Chinese youngsters at a loss over family trees

2013-02-14 05:08:52 GMT2013-02-14 13:08:52(Beijing Time)  Xinhua English

China's decades-old family planning policy has had the effect of shrinking family trees over time, leaving younger people with fewer relatives.

However, the rules that dictate which titles are used to refer to different relatives are still boggling the minds of these same young Chinese.

In traditional Chinese families, where all brothers live under the same roof with their parents even after they are married and have children of their own, the terms "aunt," "uncle" and "cousin" are far from enough to address everyone.

A child has to call his mother's sister "yi ma" (maternal aunt) and the woman's spouse "yi fu." If his mother has several sisters, they are addressed in relation to their age, from "eldest yi ma" and "second yi ma" down to "youngest yi ma."

A mother's brothers are called "jiu jiu" (maternal uncle) and the spouse "jiu ma," also determined by the ages of the relatives in question.

The situation is even more complicated on the father's side of the family. A father's elder brothers are called "bo bo," but the younger ones are "shu shu," which can be confusing even for adults.

There is also a multitude of titles used to describe cousins, as well as elder brothers and sisters. And those are just for direct relations -- the naming conventions become even more complicated when it comes to one's parents' cousins and their spouses.

Some of these words are already being phased out, as the oldest members of the one-child generation born in the 1970s have now become parents themselves. Their children know nothing of aunts, uncles and cousins, since their parents come from single-child families themselves.

A poll of 489 people conducted by the Xinhua News Agency from Saturday to Tuesday found that 72 percent of respondents could not address their relatives properly.
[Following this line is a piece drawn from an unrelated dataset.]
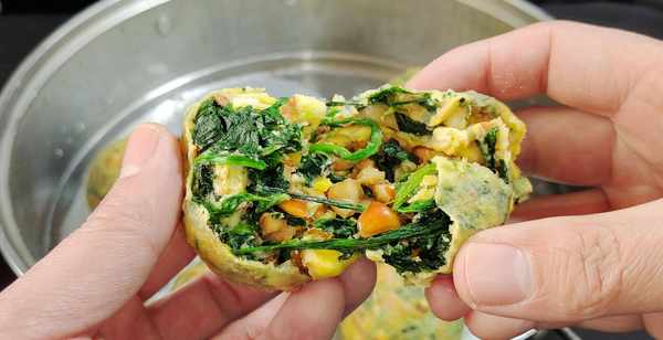 颜色金黄金黄的,看起来就很有食欲,一口下去菠菜还不失脆嫩的口感,满满的春天的味道!

While only less than 20 percent of the respondents said they could manage to address most people properly with their parents' help, nearly 40 percent claimed that even their parents often argue about what to call a distant aunt or uncle.

Wang Fenghui, a college student in Shanghai, said it is "perfectly normal" for him to be unaware of what he should call his mother's cousin.
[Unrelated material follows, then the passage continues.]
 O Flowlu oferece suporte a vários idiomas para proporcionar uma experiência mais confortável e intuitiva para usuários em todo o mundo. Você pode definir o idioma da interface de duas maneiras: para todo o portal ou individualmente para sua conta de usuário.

"I grew up in the city and know very little of our relatives who still live in the countryside," said Wang. "We meet twice a year at most. We meet during Lunar New Year and occasionally during Tomb-Sweeping Festival in the spring, when we worship our ancestors together."

When Mu Jin returned from Sydney to her hometown in Nanning, capital of south China's Guangxi Zhuang autonomous region, her first challenge was figuring out what to call her great-grandmother's younger sister. "I was really frustrated by how poor my Chinese was."

Dr. Zeng Fanzhen, a Suzhou University sociologist specializing in Chinese genealogy, said Chinese family trees quite likely represent the most complicated and hierarchical familial system worldwide.

"But the one-child policy and rapid urbanization have downsized families and blurred blood relations," Zeng said.

Larger families are hoping to restore their genealogy to enhance family cohesion among the younger generation, Zeng said.

"This will hopefully help to sustain traditional Chinese family relations, which are an important part of Chinese folk culture," Zeng said.